_What is expected_:
Your output should be everything below from the line containing "Проникновение стужи на" down to the line containing "Sudhir with son", both ends included, copied exactly, with pictures left out.

_Dataset excerpts_:
────────────────────
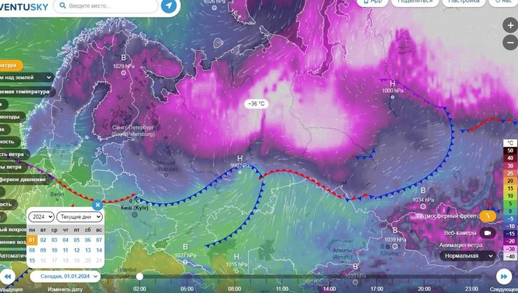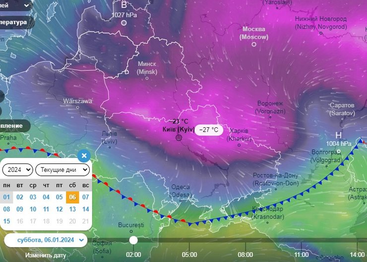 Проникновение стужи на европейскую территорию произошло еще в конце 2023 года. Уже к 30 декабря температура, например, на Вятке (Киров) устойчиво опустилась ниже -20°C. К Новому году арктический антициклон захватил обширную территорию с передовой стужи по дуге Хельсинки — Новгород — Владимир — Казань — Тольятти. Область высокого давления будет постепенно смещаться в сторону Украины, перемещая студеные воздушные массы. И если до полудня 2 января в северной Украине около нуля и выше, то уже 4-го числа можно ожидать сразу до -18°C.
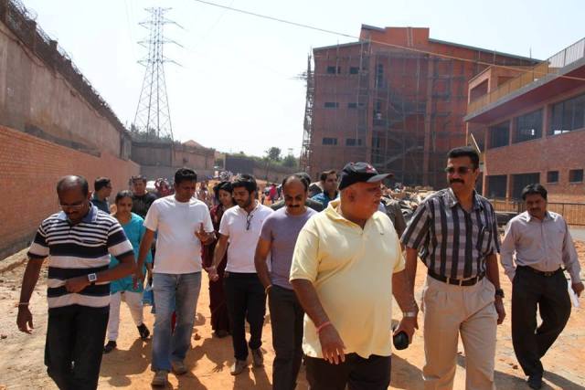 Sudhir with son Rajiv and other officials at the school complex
────────────────────
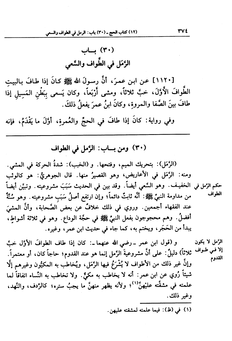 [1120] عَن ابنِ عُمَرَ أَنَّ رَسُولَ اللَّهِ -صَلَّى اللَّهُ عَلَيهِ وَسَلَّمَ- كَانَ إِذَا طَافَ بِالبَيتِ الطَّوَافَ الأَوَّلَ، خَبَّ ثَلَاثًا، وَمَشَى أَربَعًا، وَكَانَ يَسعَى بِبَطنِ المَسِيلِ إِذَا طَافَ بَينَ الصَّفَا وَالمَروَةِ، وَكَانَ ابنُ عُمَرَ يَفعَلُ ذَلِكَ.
────────────────────
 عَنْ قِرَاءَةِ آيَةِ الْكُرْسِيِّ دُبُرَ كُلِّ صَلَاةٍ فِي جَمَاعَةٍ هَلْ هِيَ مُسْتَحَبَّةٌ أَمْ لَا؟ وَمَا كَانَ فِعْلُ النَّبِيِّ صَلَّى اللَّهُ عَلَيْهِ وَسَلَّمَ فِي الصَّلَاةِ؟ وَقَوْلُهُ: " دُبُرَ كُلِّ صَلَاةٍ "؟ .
────────────────────
_Written solution_:
 Проникновение стужи на европейскую территорию произошло еще в конце 2023 года. Уже к 30 декабря температура, например, на Вятке (Киров) устойчиво опустилась ниже -20°C. К Новому году арктический антициклон захватил обширную территорию с передовой стужи по дуге Хельсинки — Новгород — Владимир — Казань — Тольятти. Область высокого давления будет постепенно смещаться в сторону Украины, перемещая студеные воздушные массы. И если до полудня 2 января в северной Украине около нуля и выше, то уже 4-го числа можно ожидать сразу до -18°C.
 Sudhir with son Rajiv and other officials at the school complex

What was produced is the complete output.